Tunisia and Libya have developed strong economic and commercial relationships. For example, an agreement was signed in 2013 to supply the Tunisian market with 650,000 barrels of crude oil and gas a month. Tunisia depends heavily on these imports and production disruptions in Libya have prevented it from meeting its commitments; Libya used to provide more than 25% of Tunisia’s fuel needs at preferential prices.

In addition, ESCWA said that the informal trade between Libya and Tunisia was considerable and could be as high as half of the total trade between the two countries. Informal trade takes place mainly through the border post of Ras Jedir. Its shutdown due to the deteriorating security situation in Libya has had a huge impact, given that the informal trade in the region is significant.

Informal trade involves a large number of people, such as carriers, street vendors, seasonal retailers, wholesalers and Tunisian consumers for whom this activity makes goods more affordable. In addition, various goods from China and Turkey enter Tunisia through Libya because of differences in tax rates, which can be as high as 78%. Instability has hampered official Libyan trade routes, so informal trade has become even more vital for needed imports and for exports, which provide revenue in hard currencies.
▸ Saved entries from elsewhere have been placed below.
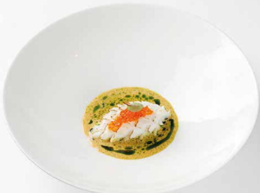
Фаршированный кальмар с лангустинами Stuffed calamar with langoustines
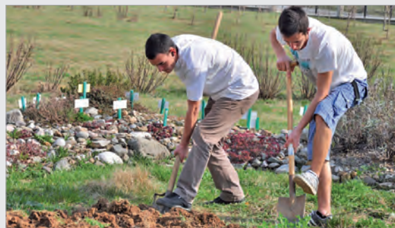
"Frühjahrsputz" im Schulgarten
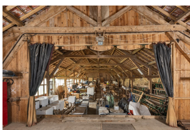
La salle, vue de la scène.
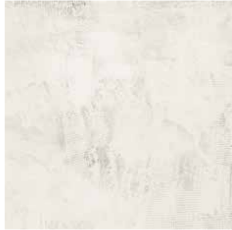
Rice 120x240/48"x96" R ME52 120x120/48"x48" R ME81 60x120/24"x48" R MF92 60x60/24"x24" R ME89 30x60/12"x24" R ME93

The economic impact of the shutdown of the Tunisian-Libyan border is difficult to estimate. It is reported that the unemployment rate for Ben Guerdane is 2% lower than the average in the Medenine governorate, where unemployment stands at 11%. Up to 20% of the workforce, including 83% of the people in Ben Guerdane, are involved in informal trade in the region, making informal trade the main source of employment.
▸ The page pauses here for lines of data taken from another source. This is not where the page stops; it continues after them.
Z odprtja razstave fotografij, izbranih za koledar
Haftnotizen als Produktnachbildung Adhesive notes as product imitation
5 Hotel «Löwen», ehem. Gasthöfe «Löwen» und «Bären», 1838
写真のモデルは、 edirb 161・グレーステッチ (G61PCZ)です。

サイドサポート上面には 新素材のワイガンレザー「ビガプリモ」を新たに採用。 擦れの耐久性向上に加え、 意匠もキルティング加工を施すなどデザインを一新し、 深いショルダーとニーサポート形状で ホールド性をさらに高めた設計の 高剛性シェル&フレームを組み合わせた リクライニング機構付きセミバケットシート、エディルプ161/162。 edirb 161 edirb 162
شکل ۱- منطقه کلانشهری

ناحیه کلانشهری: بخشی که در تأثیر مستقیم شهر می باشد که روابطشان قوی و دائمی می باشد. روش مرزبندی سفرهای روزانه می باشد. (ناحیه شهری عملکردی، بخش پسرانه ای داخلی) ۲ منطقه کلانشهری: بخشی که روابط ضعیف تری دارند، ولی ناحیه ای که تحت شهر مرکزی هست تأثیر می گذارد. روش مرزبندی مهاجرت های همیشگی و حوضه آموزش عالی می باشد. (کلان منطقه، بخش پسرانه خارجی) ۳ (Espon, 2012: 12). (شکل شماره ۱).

ESCWA cited a UNDP report stating that 10,000 to 15,000 families have had no income since February 2011, when the revolution in Libya broke out. It could be that this is a consequence of the Libyan crisis.

Regarding tourism, the report estimated that about 1.8 million Libyan tourists visited Tunisia each year. Referring to a study by the African Development Bank, it has been shown that Libyan tourists spend an average of 200 to 400 dinars ($115 to $230) a week. On the other hand, medical tourism has become a powerful driver of economic growth in Tunisia. The country draws in 100,000 patients a year from Libya, bringing total revenues from Libyan tourism to 890 million Tunisian dinars ($510 million). If this flow drops because of the recent events in Libya, it will affect this crucial sector. The survey noted that in 2011 the number of Libyan tourists in Tunisia fell 30%, but confirmed that at present an annual increase of 5.3% was being recorded. Tunisian tourism is called to “once again prove its resilience.”

Meanwhile, the number of Libyan refugees in Tunisia has rapidly increased. Some say that this benefits Tunisia, but they fail to consider the impact of this massive influx on state finances. The influx will directly impact real estate markets and inflation, and will likely threaten internal security. According to ESCWA, Tunisia is not equipped to handle a large influx of refugees because the country’s asylum system does not meet international standards.

Another consequence of the instability in Libya is the return of Tunisian workers living in Libya. The report indicates that about 40,000 Tunisian workers left Libya in 2012. This number is likely to increase if the conflict persists. Moreover, the World Bank estimates that remittances to Tunisia generated by these workers represent 0.56% of Tunisia’s GDP. Although the remittances seem small, their loss could affect the private sector. The return of Tunisian workers will also impact the labor market, further increasing unemployment in Tunisia.

In sum, the ESCWA report reveals that the Libyan crisis will jeopardize economic development in Tunisia over the medium and long terms. Even a small impact could have significant consequences for the country. In addition, the security deterioration presents the Tunisian authorities with a challenge: dismantling the networks smuggling in weapons that are used to commit terrorist attacks and countering the jihadists who are trying to infiltrate Tunisia.